Anomalies are nonetheless, a result of multiple events co-occurring or multiple factors causing instances to be declared as anomalies. One of the drawbacks of [76] includes a lack of consideration of co-occurrence of patterns in videos. Hayat and Daud [77] detected co-evolutionary anomalies in heterogeneous bibliographic information networks. Co-evolutionary anomaly (target object) is associated with a number of linked attributes (attribute object). Correspondingly, the influence of each of the attribute objects is calculated on the target objects which helped to identify the cause of the occurrence of anomalies in the underlying data.

Likewise, Feng et al. [78] detected anomalies in the crowded scenes. The authors proposed a deep Gaussian Mixture Model (GMM) with a different combination of layers on top of each other. The motion and appearance features are extracted using Principle Component Analysis (PCA) and applied with clustering. The clusters with less number of members and/or far away from the regular groups are picked as anomalies. It is found that using deep-GMM is way valuable as compared to hand-crafted feature learning. However, short and long-term temporal motion features are still having room to explore. TABLE 4 shows the summary of DL methods for anomaly detection.

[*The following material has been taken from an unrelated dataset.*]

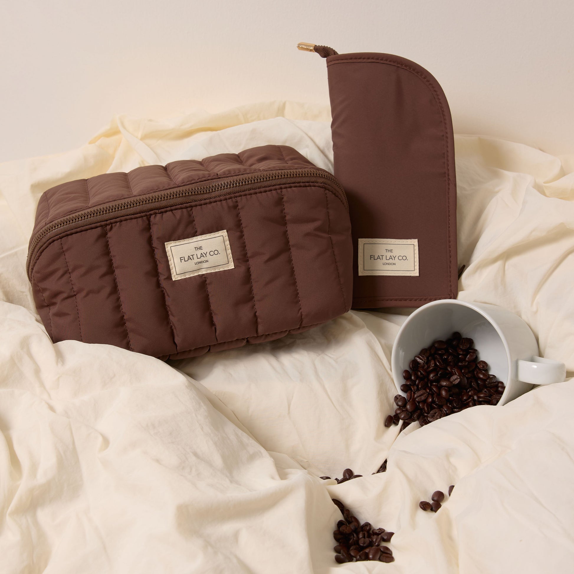 Part of our Coffee Club Collection: Inspired by mornings, built for beauty. Featuring trending Espresso Brown colourways, a ditsy Patisserie print and a brand new Essential Pouch.
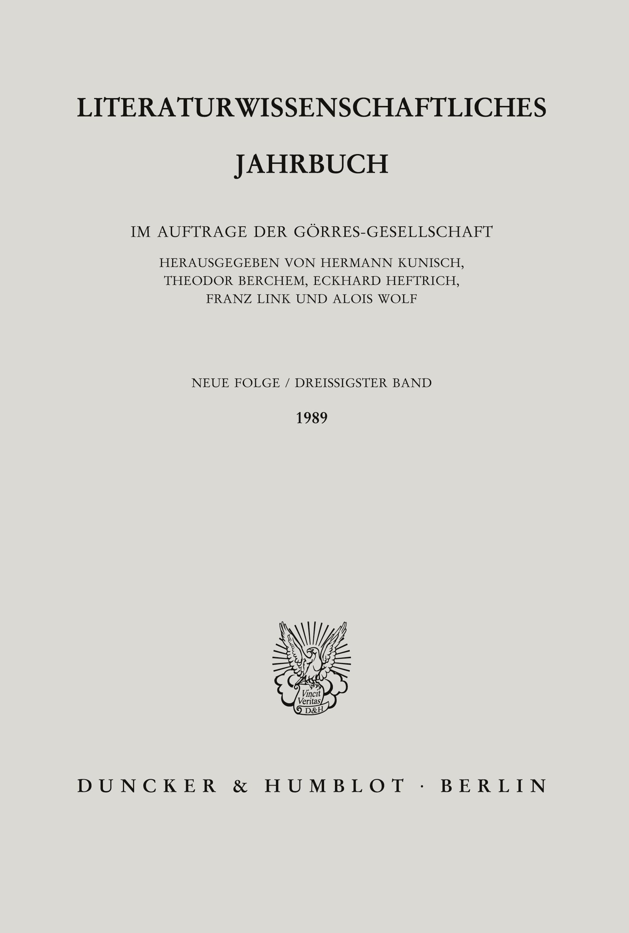 Weitere Ausgaben von Literaturwissenschaftliches Jahrbuch. |

TABLE 4 DL Methods Summary for Anomaly Detection

SECTION IV.

Datasets and Benchmarks

In this section, we go through significant SM datasets usually used as benchmarks in the SM tasks.

A. Facebook

In the era of social connectionism, people prefer to connect with their friends online using SM platforms. Facebook²³ is one of such platforms which people use privately to express and share their content. Though, the SM usage of users may vary due to the wide-ranging services offered by these platforms. Certainly, a number of platforms are available to download and use publicly accessible SM datasets. Particularly, the features of Facebook dataset comprise – demographic features such as gender, education, relationship status; user topics such as dispositions, professions; user posting behavior such as slang posts, photos posts, video posts, shares, likes and so on.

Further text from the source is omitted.